Health officials identified animal feed containing recycled animal tissue as the source of the infection that led to the BSE cattle epidemic in the United Kingdom. This type of animal feed has been routinely fed to dairy cows as a protein supplement for most of the 20th century. But in the 1980s rendering (the cooking method used to process hide, bones, and other inedible tissue after slaughter) changed in a way that may have enabled the survival of the BSE infectious agent. The European Commission’s Scientific Veterinary Committee and the world control body, the Office Internationale des Epizooties (OIE), believe that BSE was originally spread to cattle from animal feed containing sheep’s brains and other sheep byproducts infected with scrapie and, later, brain tissue taken from cows that had become infected with BSE. The epidemic spread when the brains and other rendered products from infected cattle were used in protein supplements distributed throughout Britain.
Since the initial report of the disease, there has been fear and speculation that it might be transferable to humans through beef products. The appearance of CJD in several dairy farmers in Britain in the early 1990s heightened the alarm. The medical community was aware of the similarity of CJD symptoms to those of BSE and was also aware that a related disease, known as kuru, was spread by ritualistic cannibalism among New Guinea tribesmen.
Since 1996, a number of studies have confirmed that BSE in cattle can be transmitted to humans and cause vCJD. Studies have linked the time and location of the BSE epidemic in cattle to more than 94 human cases of vCJD found in Britain, France, and Ireland. In studies in which scientists injected monkeys and mice with brain tissue from BSE-infected cows or brain tissue from vCJD-infected humans, the animals develop the same type of brain degeneration. This degeneration is distinguishable from the degeneration following injection with brain tissue from cases of the classical form of CJD.

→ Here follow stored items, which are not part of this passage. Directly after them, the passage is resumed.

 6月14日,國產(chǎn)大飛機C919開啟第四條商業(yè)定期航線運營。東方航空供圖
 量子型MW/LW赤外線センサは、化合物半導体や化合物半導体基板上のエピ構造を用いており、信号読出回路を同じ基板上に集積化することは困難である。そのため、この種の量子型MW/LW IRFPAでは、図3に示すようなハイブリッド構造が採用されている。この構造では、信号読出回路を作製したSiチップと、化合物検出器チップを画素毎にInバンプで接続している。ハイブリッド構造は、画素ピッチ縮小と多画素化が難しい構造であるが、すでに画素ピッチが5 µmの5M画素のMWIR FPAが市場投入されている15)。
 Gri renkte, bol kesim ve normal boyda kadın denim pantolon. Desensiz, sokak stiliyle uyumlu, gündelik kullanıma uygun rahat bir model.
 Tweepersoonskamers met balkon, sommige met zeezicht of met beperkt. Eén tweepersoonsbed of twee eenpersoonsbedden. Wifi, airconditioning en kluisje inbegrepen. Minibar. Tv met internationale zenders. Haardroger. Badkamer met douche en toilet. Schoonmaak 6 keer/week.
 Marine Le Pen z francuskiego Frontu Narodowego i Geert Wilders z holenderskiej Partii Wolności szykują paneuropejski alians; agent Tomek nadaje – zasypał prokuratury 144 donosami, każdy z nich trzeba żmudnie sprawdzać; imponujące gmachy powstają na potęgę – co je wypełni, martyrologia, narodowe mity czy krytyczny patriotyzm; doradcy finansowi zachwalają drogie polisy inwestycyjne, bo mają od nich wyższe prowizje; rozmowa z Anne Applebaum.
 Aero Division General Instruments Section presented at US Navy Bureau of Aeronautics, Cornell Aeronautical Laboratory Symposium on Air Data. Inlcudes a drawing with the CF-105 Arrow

“Bovine Spongiform Encephalopathy (BSE),” Microsoft® Encarta® Online Encyclopedia 2003
http://encarta.msn.com © 1997-2003 Microsoft Corporation. All Rights Reserved.
Should I stop eating Canadian beef and beef products?

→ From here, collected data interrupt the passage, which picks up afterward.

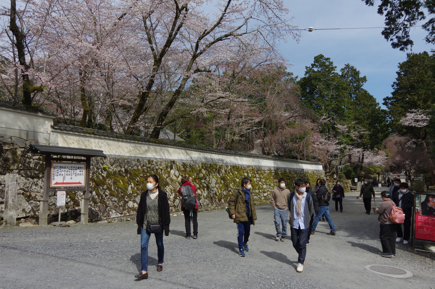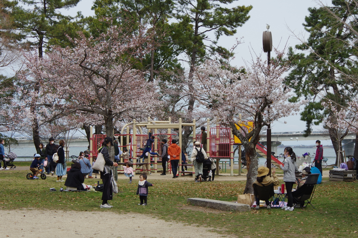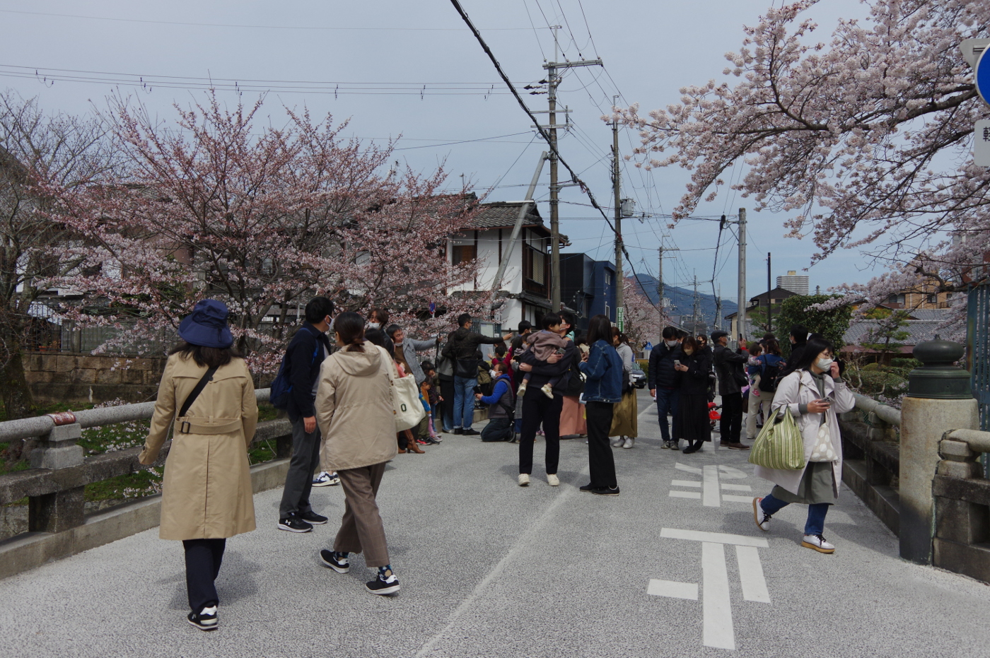 我が家の横を走る県道は桜のシーズンは通行量が多くなるのは桜の名所三井寺へ向かう車が多くなるからだ。通称大門通も朝から交通渋滞が起きているのは三井寺の駐車場へ入る車が多すぎて、時間が掛かるためだ。京都嵐山のオーバーツーリズムでの混雑ぶりが思い出された。問題は県道が狭く普通車でも離合が困難な場所も在るからだ。大津市の都市計画の中でも道路整備は遅れているとおもった。今日は近くの鹿関橋も朝から桜見物の人を多く見かけた。三井寺の境内も行き交う人の賑わいはコロナ以前の観光シーズンを彷彿させた。僕は混雑を避け、過去の桜の名所長等公園へ向かった。胡坐やムシロを敷いて、お花見をする姿もなく静な佇まいだ。良く見ると数人の人を見かけるが昔の賑わいを知る僕は余りにも寂れた公園を見ていると少子化で人口の減った未来の大津を見ている様で寂しくなった。午後は膳所公園へ出かけた。此方は家族連れが健康的な、お花見を楽しんでいた。少し露店?バザー?のお店も並んでいた。見かける人たちは皆マスクをしていた。コロナ三年目となった今年もコロナは人間社会に影を落としたままでは困ると、早くマスク無しの日常に早く戻って欲しいものだ。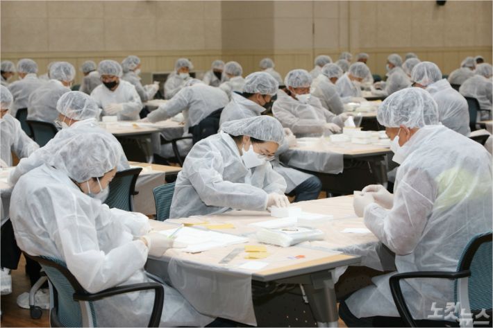 휴일도 반납하고 마스크 필터 분리작업을 하는 강릉시청 공무원들. (사진=강릉시청 제공)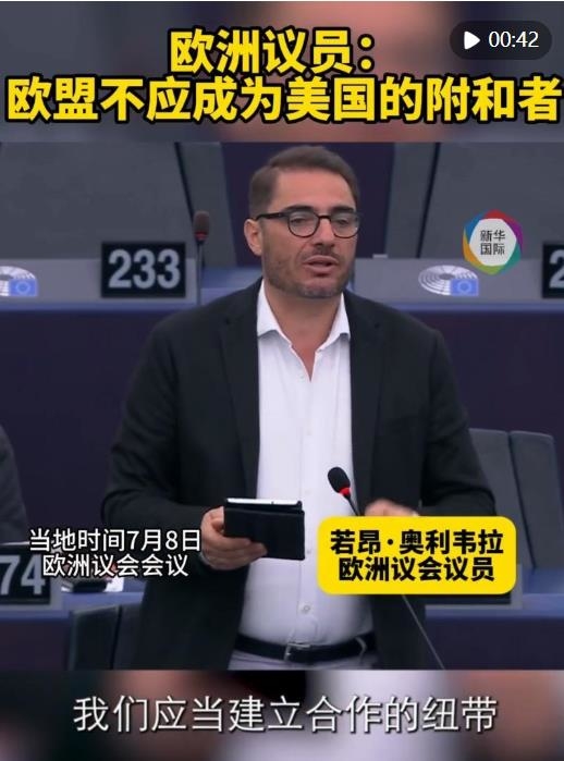 在8日的歐洲議會會議上,議員若昂·奧利韋拉在辯論中表示,歐盟不應成為美國對華的對抗和緊張升級政策的“附和者”。他說,建立合作紐帶,實現互利共贏才應是歐洲處理對華關系的基本態度。

“Because the animal was condemned, no meat entered the human food supply. Therefore, we have no reason at this point to believe that there is a risk to human health. We are working closely with our partners to gather additional information. Given that the cattle get the disease by eating contaminated feed and there is a feed ban in place, the probability of having more infected animals is very low.” – Canadian Food Inspection Agency
Canadian beef has been scientifically proven to be safe, and based on recommendations from the Canadian Food Inspection Agency, we do not recommend that consumers avoid Canadian beef.